15. Col utérin, papillomavirus et cancer
A.-I. Richet
Ma pratique de gynécologue, mais surtout de colposcopiste, m’a permis de m’interroger sur les différentes réactions des patientes à la présence de ce virus, mais également aux réponses que nous pouvons leur apporter et à toutes les interrogations qui persistent.
L’infection à HPV du col utérin est la plus fréquente des maladies sexuellement transmises de la femme.
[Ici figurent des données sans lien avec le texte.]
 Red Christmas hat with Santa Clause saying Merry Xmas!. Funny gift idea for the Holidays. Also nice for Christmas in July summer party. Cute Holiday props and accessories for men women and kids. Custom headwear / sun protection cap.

Si elle n’est pas dépistée à temps, elle peut être responsable des cancers du col (3380 cancers du col survenus en France en 2000) et de décès (environ 1000 ; Anaes, 2004).
Développement du papillomavirus et cheminement du cancer
Le HPV est un petit virus à ADN sans enveloppe, avec une capside et constitué de 80 paires de bases sur un double brin d’ADN portant 8 gènes en 3 régions E, L et LRR. La protéine L permet, par autoassemblage, la fabrication des VPL (virus particle like), constituant les vaccins anti-HPV.
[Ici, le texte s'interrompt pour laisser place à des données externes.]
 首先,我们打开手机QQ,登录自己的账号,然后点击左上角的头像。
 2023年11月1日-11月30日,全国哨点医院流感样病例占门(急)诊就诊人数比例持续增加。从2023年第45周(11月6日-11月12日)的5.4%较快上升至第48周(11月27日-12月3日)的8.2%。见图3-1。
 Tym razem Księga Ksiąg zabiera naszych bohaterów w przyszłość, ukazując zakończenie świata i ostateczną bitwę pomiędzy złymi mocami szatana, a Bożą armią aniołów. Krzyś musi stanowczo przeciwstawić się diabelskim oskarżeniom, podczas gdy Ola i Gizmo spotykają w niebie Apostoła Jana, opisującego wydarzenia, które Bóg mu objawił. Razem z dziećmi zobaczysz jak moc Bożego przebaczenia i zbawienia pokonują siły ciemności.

On connaît une centaine d’HPV dans l’espèce humaine. Ils se répartissent grossièrement en deux groupes :
– groupe non agressif : principalement 6, 11, 42, 43, 44 ;
– groupe potentiellement oncogène : 16, 18 (pour 70 à 80 % des lésions de haut grade) 31, 33, 35, 39, 45, 51, 52, 56, 58, 59, 68, et d’autres (Bergeron et al., 1992).
Si les HPV à haut risque sont responsables des lésions de haut grade, on les retrouve aussi dans plus de 50 % des lésions de bas grade (CIN I).
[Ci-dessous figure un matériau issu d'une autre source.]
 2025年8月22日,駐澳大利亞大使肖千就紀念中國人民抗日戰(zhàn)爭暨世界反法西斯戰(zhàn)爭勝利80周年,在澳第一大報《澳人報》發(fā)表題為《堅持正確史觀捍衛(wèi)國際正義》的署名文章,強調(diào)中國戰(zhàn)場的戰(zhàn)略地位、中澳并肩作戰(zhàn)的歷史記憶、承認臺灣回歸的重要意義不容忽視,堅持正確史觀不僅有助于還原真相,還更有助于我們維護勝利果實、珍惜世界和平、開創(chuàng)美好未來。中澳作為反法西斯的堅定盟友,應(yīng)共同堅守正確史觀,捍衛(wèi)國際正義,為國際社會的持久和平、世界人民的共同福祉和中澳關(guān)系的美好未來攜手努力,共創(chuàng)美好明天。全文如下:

L’infection à HPV survient souvent au début de la vie sexuelle, lors des tout premiers rapports quand l’immunité du col et probablement aussi les défenses de la glaire cervicale sont insuffisantes. Près de 80 % des femmes seraient infectées par ce virus avant l’âge de 30 ans. Seul un petit nombre d’entre elles garderont ce virus dans leurs cellules cervicales, virus susceptible d’altérer le cycle cellulaire en faisant pénétrer son ADN dans le noyau des cellules. On peut donc considérer que, plutôt que la présence d’un HPV à haut risque chez une femme, c’est sa persistance après l’âge de 25 ans qui peut poser un problème.
Une fois le virus intégré, il entraîne un certain nombre de modifications cellulaires mais également architecturales du tissu cervical, tout en respectant au début la membrane basale, signe de la non-invasion des lésions, jusqu’à la survenue tardive d’un cancer après 10 à 15 ans d’évolution sans traitement. Ces notions, compliquées pour les médecins, sont abstraites pour les patientes et d’autant plus difficiles à transmettre.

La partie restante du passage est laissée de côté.